Whilst the Panel had concerns including about how the email portrayed the named third party therapy services and its effects on its pharmacists and other staff, it nonetheless noted that the complainant bore the burden of proof. On the balance of probabilities, it was not unreasonable that some, if not all, of the named third party service provider pharmacists would associate the Novartis therapy review with Novartis products particularly based on the email at issue. However, taking all the circumstances into account, including the Panel’s view that the Novartis written arrangements for the service did not appear to amount to a switch to Novartis’ medicine, the Panel did not consider that the complainant had established, on the balance of probabilities, that the email demonstrated that the arrangements for the heart failure therapy review supported by Novartis were such that they failed to meet the requirements of the Code. Nor had the complainants provided evidence that the therapy review constituted disguised promotion. The Panel therefore ruled no breach of the Code.

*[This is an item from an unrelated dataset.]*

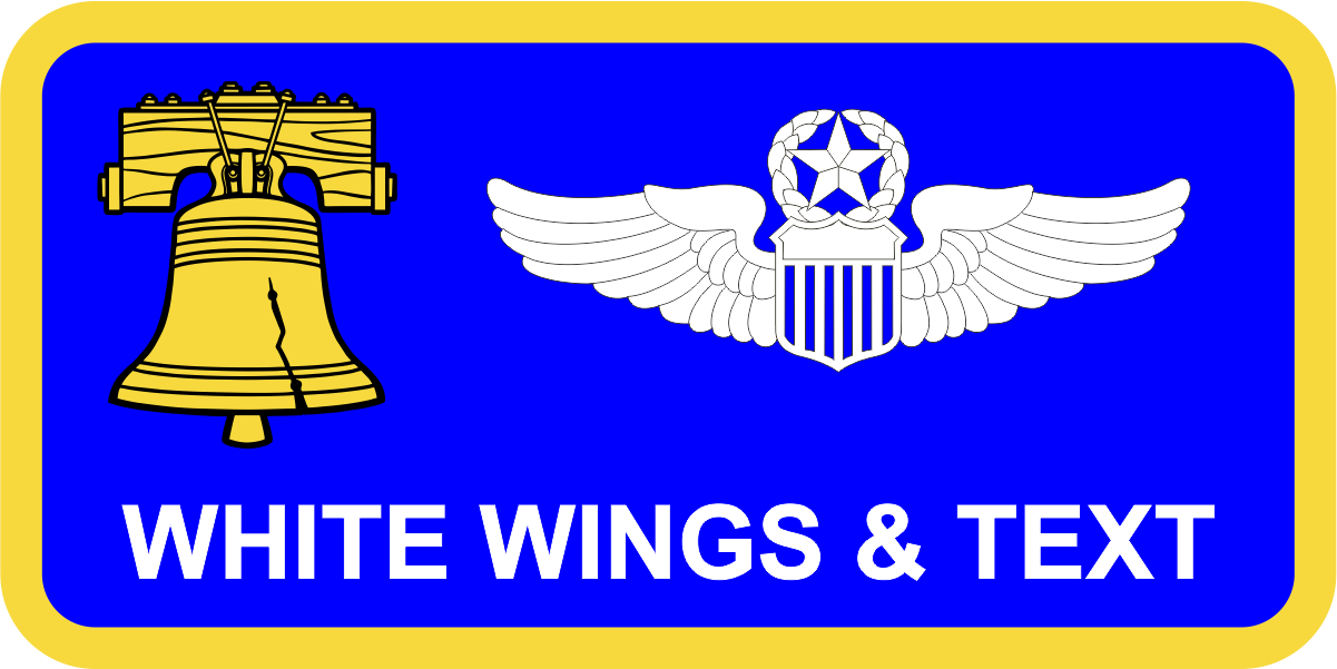 Dover 512 OSS Regular Name Tag- Royal Blue Background, Yellow Border, White Wings & Text, Yellow Liberty Bell with Black Cracks - Leather Backing Optional

In the Panel’s view, Novartis had been let down by its third party. The Panel had serious concerns about the impression given by the entire email. However, it did not consider that in the particular circumstances of this case the complainants had provided evidence to show that Novartis had failed to maintain high standards and no breach of the Code was ruled. This ruling was upheld following an appeal from the complainant.

Given its rulings of no breach of the Code the Panel consequently ruled that there was no breach of Clause 2.